» AIM OF THE EXERCISE: Write out every record exactly as it appears. Skip the pictures.

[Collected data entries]
###
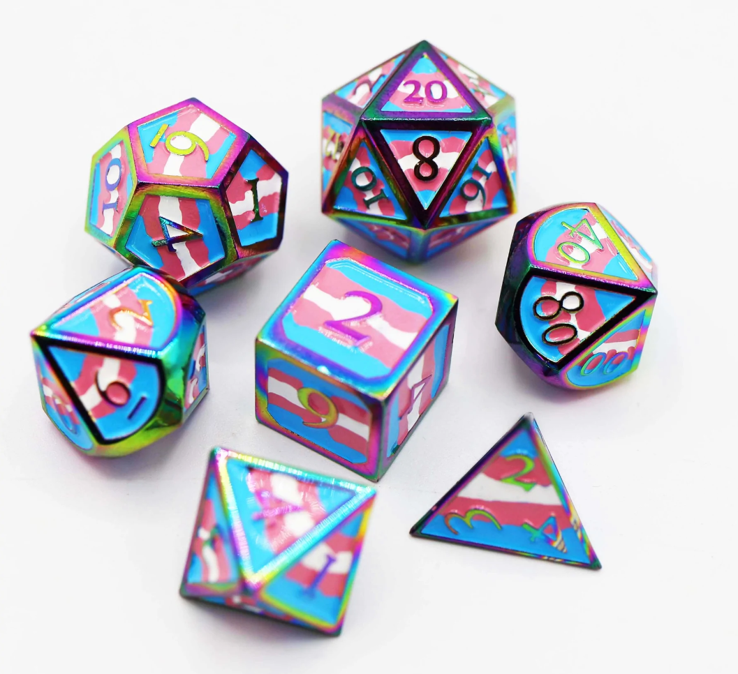 Foam Brain Games: Trans Pride Flag RPG Metal Dice Set
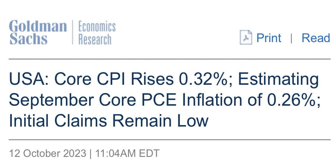 골드만삭스는 "오늘 CPI 보고서가 11월 FOMC 회의 결과에 영향을 미칠 것으로 예상하지 않는다. 통화 정책은 변함없을 것으로 본다. Fed 관계자들의 최근 발언도 FOMC가 기준금리를 동결할 가능성이 크다는 강력한 신호를 보냈다"라고 분석했습니다.
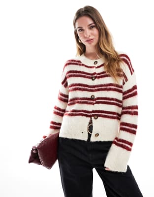 Cardigan by ASOS DESIGN For your knitwear needs Stripe design Crew neck Button placket Drop shoulders Regular fit
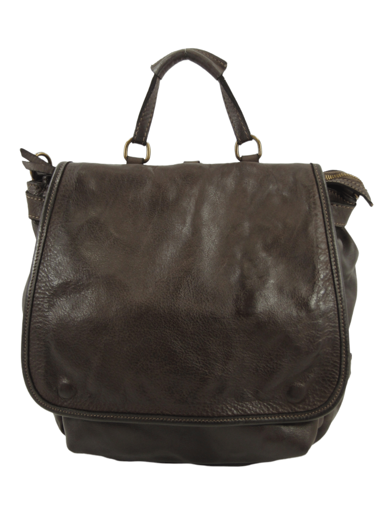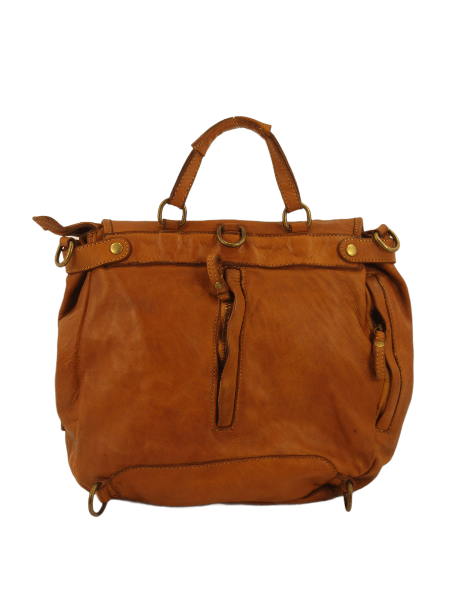 Borsa multifunzione in pelle tinta in capo, chiusura con zip, interno rivestito ed accessoriato da tasca chiusa da zip e tasche di cortesia aperte, due tracolle in pelle regolabili e rimovibili, pattina chiusa con bottoni, sotto la pattina due tasche chiuse da zip, sul retro due tasche chiuse da zip ed una ulteriore tasca ricavata nella pattina stessa, borsa comoda e molto accessoriata, le due tracolle permettono di indossarla come più si preferisce, zaino, tracolla, spalla, borsa moderna realizzata con pellami di alta qualità in maniera artigianale
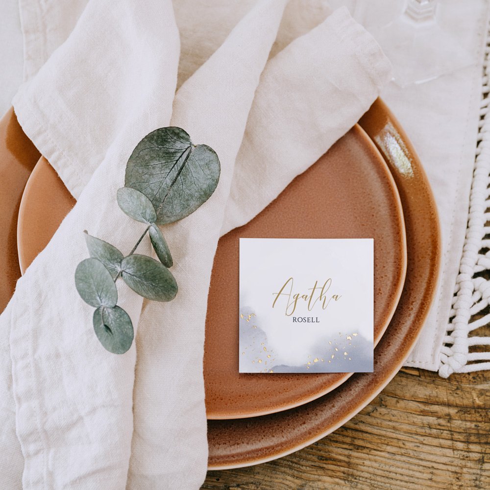 Para que tus invitados encuentren su sitio, nuestros carnets de mesa se pueden poner en las mesas del banquete. Van decorados por los dos lados.
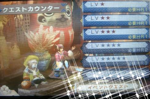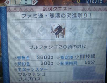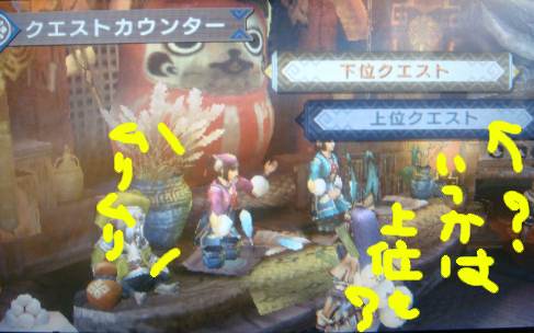 さあ、ブログ書くぞ~って忍者開けたら繋がらない不具合。 年末だからか夜0時は激重ですね┐( ̄ヘ ̄)┌ 気を取り直して昼間っから更新でーす。 本当冬季休暇っていいわあ(* ´Д`*)=3 イベントクエ! ダウンロードしたのはいいけど、どうやって進めるんだ!?って事で 彷徨える過程をば・・・。 集会浴場のお姉さんに話しかけます。 一番下にイベントクエスト欄があるので、それを選択。 メモリーを読み込みなう。 今後もダウンロードがあるなら、やっぱり容量多いメモリーにしておいた方がいいねえ。 読み込みが終ると下位、上位が表示されます。 上位は何度押してもスカスカで反応なし。下位のみ色が付いてます。 ブルファンゴの素材が双剣白玉上の素材だから、ちょいやってはみたい。 村クエはLv★★の8 ある日、森の昼下がり までクリアしましたー。 アオアシラにも慣れたよ! 初見では鷲づかみにされて何度ピヨられた事か・・・・っ。 楽天ブックスで。 今日からプラチナ会員P3倍 パソ&ケータイでP4倍 結構ポチり時かも。 発売から一ヶ月たつと出荷数も追いついてきたみたいですね~。 一時は8000円とか見たゾ。
###
» EXERCISE RESPONSE:
 Foam Brain Games: Trans Pride Flag RPG Metal Dice Set
 골드만삭스는 "오늘 CPI 보고서가 11월 FOMC 회의 결과에 영향을 미칠 것으로 예상하지 않는다. 통화 정책은 변함없을 것으로 본다. Fed 관계자들의 최근 발언도 FOMC가 기준금리를 동결할 가능성이 크다는 강력한 신호를 보냈다"라고 분석했습니다.
 Cardigan by ASOS DESIGN For your knitwear needs Stripe design Crew neck Button placket Drop shoulders Regular fit
 Borsa multifunzione in pelle tinta in capo, chiusura con zip, interno rivestito ed accessoriato da tasca chiusa da zip e tasche di cortesia aperte, due tracolle in pelle regolabili e rimovibili, pattina chiusa con bottoni, sotto la pattina due tasche chiuse da zip, sul retro due tasche chiuse da zip ed una ulteriore tasca ricavata nella pattina stessa, borsa comoda e molto accessoriata, le due tracolle permettono di indossarla come più si preferisce, zaino, tracolla, spalla, borsa moderna realizzata con pellami di alta qualità in maniera artigianale
 Para que tus invitados encuentren su sitio, nuestros carnets de mesa se pueden poner en las mesas del banquete. Van decorados por los dos lados.
 さあ、ブログ書くぞ~って忍者開けたら繋がらない不具合。 年末だからか夜0時は激重ですね┐( ̄ヘ ̄)┌ 気を取り直して昼間っから更新でーす。 本当冬季休暇っていいわあ(* ´Д`*)=3 イベントクエ! ダウンロードしたのはいいけど、どうやって進めるんだ!?って事で 彷徨える過程をば・・・。 集会浴場のお姉さんに話しかけます。 一番下にイベントクエスト欄があるので、それを選択。 メモリーを読み込みなう。 今後もダウンロードがあるなら、やっぱり容量多いメモリーにしておいた方がいいねえ。 読み込みが終ると下位、上位が表示されます。 上位は何度押してもスカスカで反応なし。下位のみ色が付いてます。 ブルファンゴの素材が双剣白玉上の素材だから、ちょいやってはみたい。 村クエはLv★★の8 ある日、森の昼下がり までクリアしましたー。 アオアシラにも慣れたよ! 初見では鷲づかみにされて何度ピヨられた事か・・・・っ。 楽天ブックスで。 今日からプラチナ会員P3倍 パソ&ケータイでP4倍 結構ポチり時かも。 発売から一ヶ月たつと出荷数も追いついてきたみたいですね~。 一時は8000円とか見たゾ。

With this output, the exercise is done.